Zambia has reached an agreement with the International Monetary Fund on a $1.4 billion bailout clause, which is a key step towards ending the debt crisis of this copper-rich country on the verge of bankruptcy.
The deal has been in the making for several years, and it is a step forward for an African country that became the first African country to default since the beginning of the pandemic last year.
The agreement reached on Friday to extend the three-year credit facility still needs to be approved by the International Monetary Fund’s board of directors, but it is a milestone for the government of President Hakand Hitchlema. A few months later, despite the fact that Zambia The debt continued to rise, but Edgar Lungu delayed negotiations with the IMF.
Africa’s second-largest copper producer’s spending splurge under Lungu’s leadership gave way to an economic slowdown, struggling with approximately US$15 billion in foreign debt (including arrears).
Hicilema has stated that he inherited a “completely empty” treasury after winning the election in August with an overwhelming advantage. He needs an IMF agreement to persuade China and private creditors to restructure their debts and obtain other financial support from bilateral lenders.
Zambia stopped paying US$3 billion in euro bonds last year and negotiated a debt extension with the Bank of China. The agreement reached with IMF staff “is based on the authorities’ plan for bold and ambitious economic reforms.” Alison Holland, head of the International Monetary Fund’s delegation in Zambia, said.
“The International Monetary Fund’s plan will provide Zambia with much-needed fiscal space and consolidate our domestic economic plans,” said Situmbeko Musokotwane, the country’s finance minister.
Hichilema’s goal after coming to power is “to complete the negotiation with the fund, which has already [been] For many years in the shortest time possible,” Musokotwane said. “This is exactly what we did. “
The Hitchlema government is now facing difficult sacrifices to comply with the terms of the International Monetary Fund. It pledged to reduce Zambia’s fiscal deficit from 10% this year to 6.7% of GDP next year, and then target a surplus.

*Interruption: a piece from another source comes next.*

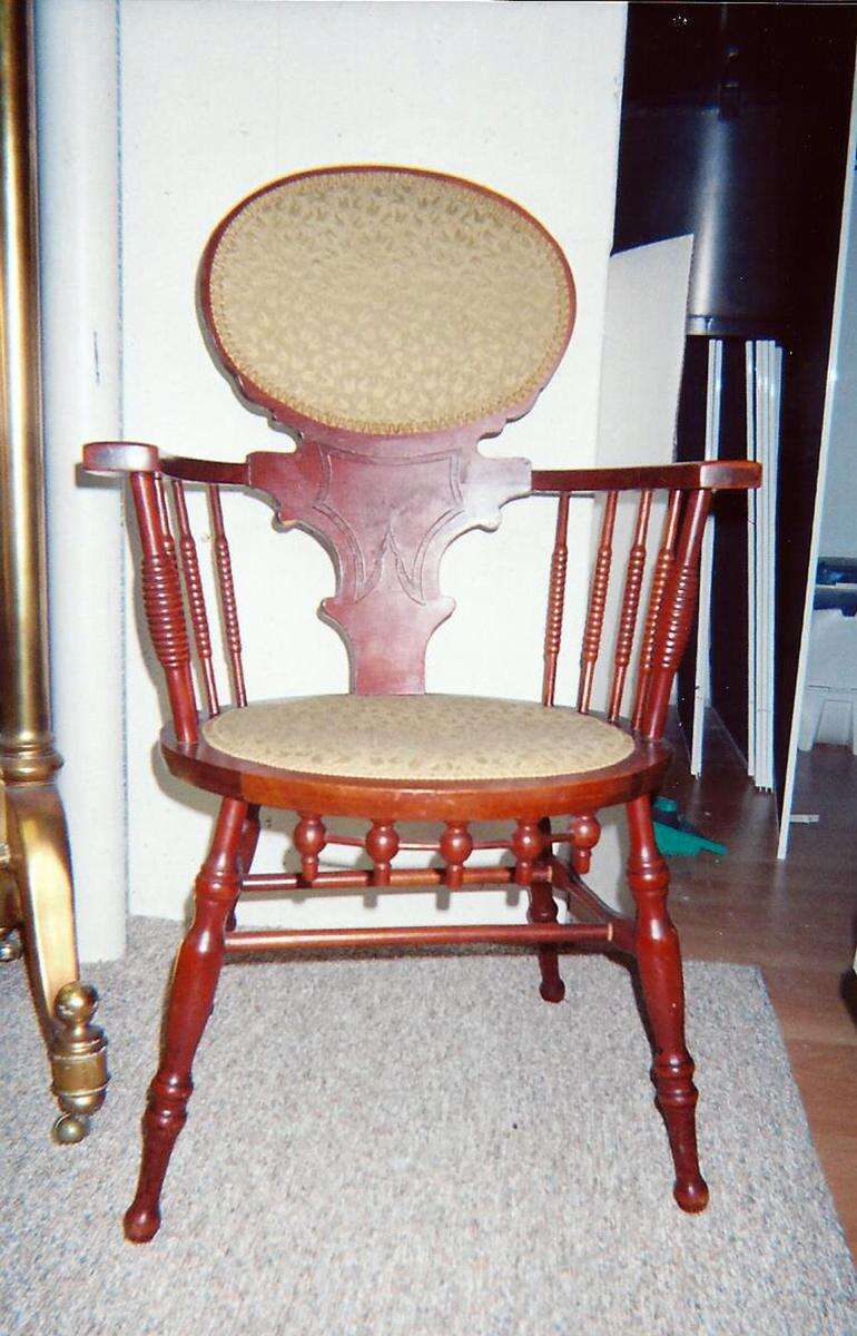 This unusual chair is a late 19th-century parlor chair.

The government has pledged to protect health and education projects and to hand more expenditures to local governments. The rebound in world copper prices this year has cushioned national income.
Hichilema also re-employed a central bank governor. Last year Lungu’s sudden firing caused the anger of the International Monetary Fund and launched an ambitious plan to restore foreign investment in Zambia’s copper mines.
Even with the support of the International Monetary Fund, Hitchlema will still face an arduous task of balancing the interests of Zambian creditors in the negotiations that the Zambian government plans to conclude early next year.
The Ministry of Finance has revealed that Zambia’s share of debt to China is US$6 billion, which is about twice the amount previously reported. Bondholders expressed concern that any funds they gave up would be used to repay Chinese creditors. The government promised to treat all creditors equally.
This year, Zambia has received 1.3 billion U.S. dollars in funding from the International Monetary Fund, which comes from the global allocation of special drawing rights to member countries.